Thus, I wanted to ask experienced cubers. Which variation is the most efficient (algorithm-wise) and what does the variant do to the last layer? By the way, this is for the ZZ method. THANKS!


----------



## Kirjava (Apr 19, 2010)

koreancuber said:


> I was kind of wondering which one was the best




None of them.


----------



## 4Chan (Apr 19, 2010)

ZZ-A has potential to be the fastest.

But to reach that potential, you're going to have to train, and practice, and work extremely hard. If you try it, you'll see how hard it is.


----------



## 4Chan (Apr 19, 2010)

Err, I'm done. xD xD

I finished back in November/December.

Here's the only (my)video I know of on the interwebs of ZZ-ZB or ZZ-A.
It *REALLY SUCKS THOUGH. >.o*

Because I suck at ZZ. =/
But I have the 1LLL.


----------



## 4Chan (Apr 19, 2010)

I "know how to" do it.

I'm just not fast with it.
I prefer pure ZB.


----------



## koreancuber (Apr 19, 2010)

4Chan said:


> I "know how to" do it.
> 
> I'm just not fast with it.
> I prefer pure ZB.



Hmmmm.. ZB is cross, F2L w/o one pair, ZBF2L and LL?


----------



## 4Chan (Apr 19, 2010)

Yep yep.
Not move efficient, but I don't have to think.
I just act.


I have to do too much looking and thinking when I ZZ. D: D:
Buuut, when I go for fewest moves with ZZ, I can do entire solves in under 40 turns. 


I have this special technique that goes well with ZZ too!
If you have a 1x1x2 block in LL and you have an empty slot in F2L, you can solve the last layer and the last slot in one algorithm. It's like a guaranteed forced "skip" almost.


----------



## koreancuber (Apr 19, 2010)

4Chan said:


> Yep yep.
> Not move efficient, but I don't have to think.
> I just act.
> 
> ...



4Chan your crazy.  jk Hmm.... So.... can I do EOLine + F2L minus one slot, ZBF2L and LL?
By the way... YOU KNOW 1LLL?


----------



## 4Chan (Apr 19, 2010)

You "could", but EOLine really negates ZBF2L.
If you liek F turns, then yeah, you can use ZBF2L if you want.
(Sometimes, I'm more comfortable using ZBF2L cases)

Ummm, I know ZBLL, sooo, as long as edges are oriented, I have a 1LLL.


----------



## 4Chan (Apr 19, 2010)

Yeppers, most of them.

Here's an example:

R' U' R' U' R' U R U R U2

You can solve this case with all R and U turns, oorrrrrrrrr you can use a ZBF2L case:

U' F' R U R' U' R' F R (I got this from one of Rowan's posts. xD)

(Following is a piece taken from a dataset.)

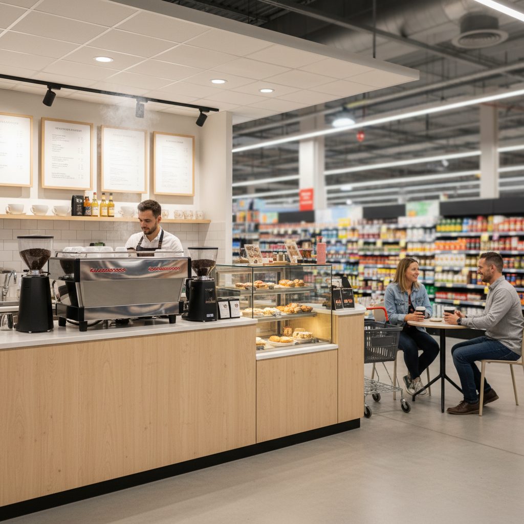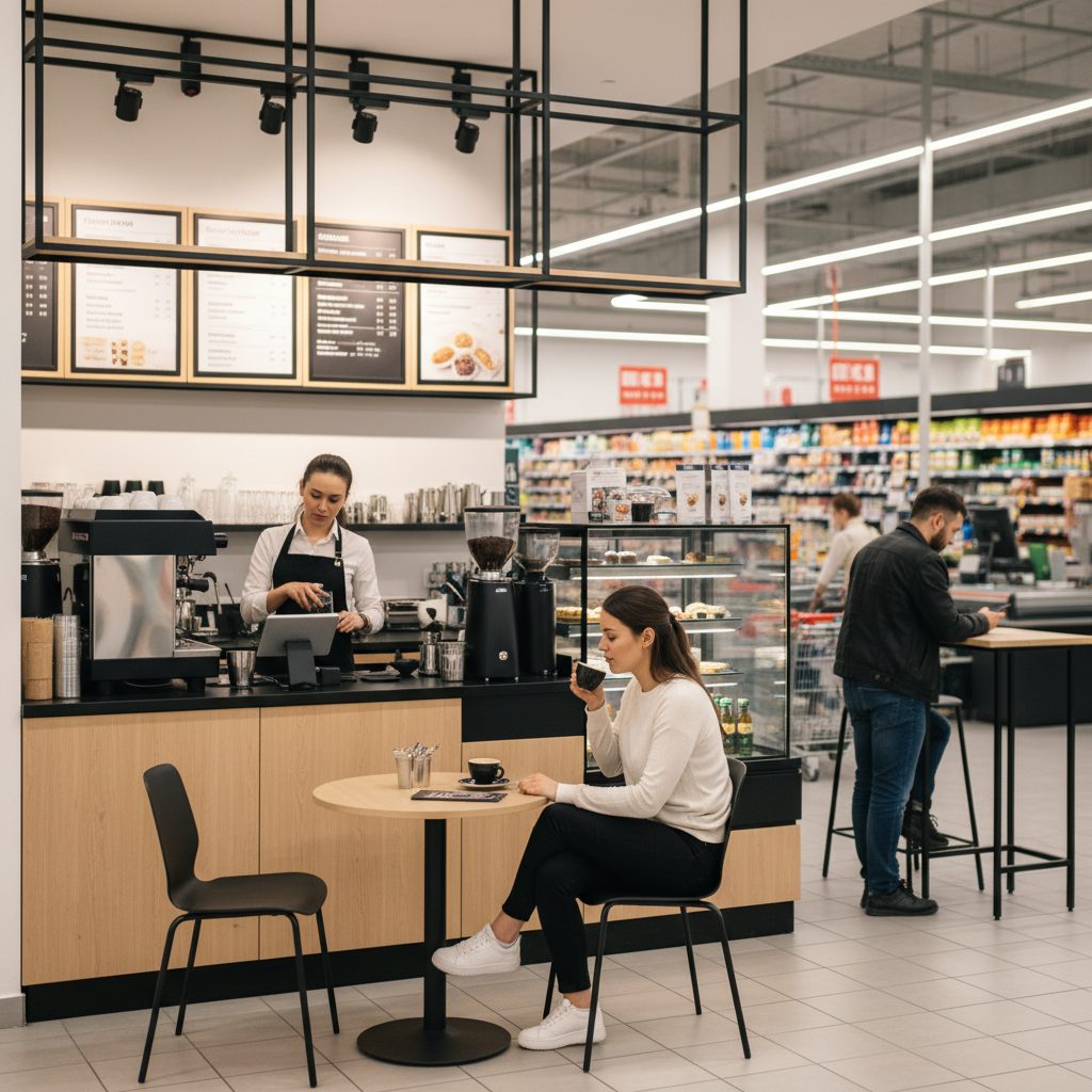 Кофейня расположена в предкассовой зоне крупного гипермаркета, что гарантирует высокий трафик и постоянный поток покупателей. У нас нет конкурентов в непосредственной близости, что создает дополнительные преимущества для роста. Все процессы автоматизированы, а оборудование находится в собственности, что позволяет работать без лишних затрат.

(Because you usually don't use F turns.)


----------



## Dene (Apr 19, 2010)

OLL+PLL, until proven otherwise.


----------



## 4Chan (Apr 19, 2010)

Different cases have different effects on the corners... but yeah.


----------



## Kirjava (Apr 19, 2010)

Dene said:


> proven




...lol


----------



## 4Chan (Apr 19, 2010)

If you're clever, you can cut down on algorithms, and have solve multiple cases with less algorithms.


----------



## 4Chan (Apr 19, 2010)

Noone ever gave me tips for algorithm memorization. ;_;

I had to figure out things for myself. D: D:


----------



## koreancuber (Apr 19, 2010)

4Chan said:


> Noone ever gave me tips. ;_;
> 
> I had to figure out things for myself. D: D:



 But your now the master of algs!


----------



## 4Chan (Apr 19, 2010)

Lol, my times sucks, I'm no master. ;_;

Just look for trends in algorithms. Mirroring, inverting, basic stuff.


----------



## dannyz0r (Apr 19, 2010)

Edges not corners


----------



## 4Chan (Apr 19, 2010)

Sort of what Dannyzor said.

It's 1/27 chance for OLL skip with ZBF2L (It does affect corners, knowing multiple cases "can" force corner orientation skip), and straight to PLL.
Even higher if you know some WV.


----------



## koreancuber (Apr 19, 2010)

dannyz0r said:


> Edges not corners


But I'm using EOLine.... Scratch the ZBF2L. I'm learning the Winter Variation. Then all there's left is PLL. 4Chan, is there a shortcut to this?


----------



## 4Chan (Apr 19, 2010)

If you look at some of the WV cases, some of them are just OCLLs with a few moves off.
Makes some cases easier to memorize.


----------



## dannyz0r (Apr 19, 2010)

Might as well go for OCLL and PLL then since they're quick anyway.


----------



## 4Chan (Apr 19, 2010)

u crzy
.-.


----------



## koreancuber (Apr 19, 2010)

4Chan said:


> u crzy
> .-.



wat


----------



## dannyz0r (Apr 19, 2010)

Corner cases would have more algorithms I think.


----------



## CubesOfTheWorld (Apr 19, 2010)

I voted for F2LL, but I have no experience with this. If you want to count out my vote, just subtract one in your head.


----------



## Innocence (Apr 19, 2010)

I voted zbll, because it has much potential to be the fastest. Just do what I'm doing, and do COLL+EPLL. It's slightly better movecount-wise than OCLL+PLL, and a stepping stone to ZBLL. When I considered these things, it was between CLS+PLL and COLL+EPLL. I decided that because COLL was fewer algs, part of ZBLL, and more versatile, it would be the better choice. It depends what you want.


----------



## koreancuber (Apr 19, 2010)

So.... EOLine (intuitive), F2L (intuitive), WV (winter variation 27 algs) and PLL will do right? Hmm.. EOline - around 1~2 seconds (if mastered), F2L (3 pairs, so 6~7 seconds), WV (1 sec) and PLL (2 seconds) is my goal. (Avg. 10) Is there anything better I should do?


----------



## miniGOINGS (Apr 19, 2010)

koreancuber said:


> Is there anything better I should do?



...learn the method.


----------



## Athefre (Apr 19, 2010)

I'm interested in finding out the exact move count for ZZ-Blah. It's an interesting idea, but some of the 27 disorientation cases are 7 moves. I wrote down solutions I found for all of them and it came to a 4.5 move average.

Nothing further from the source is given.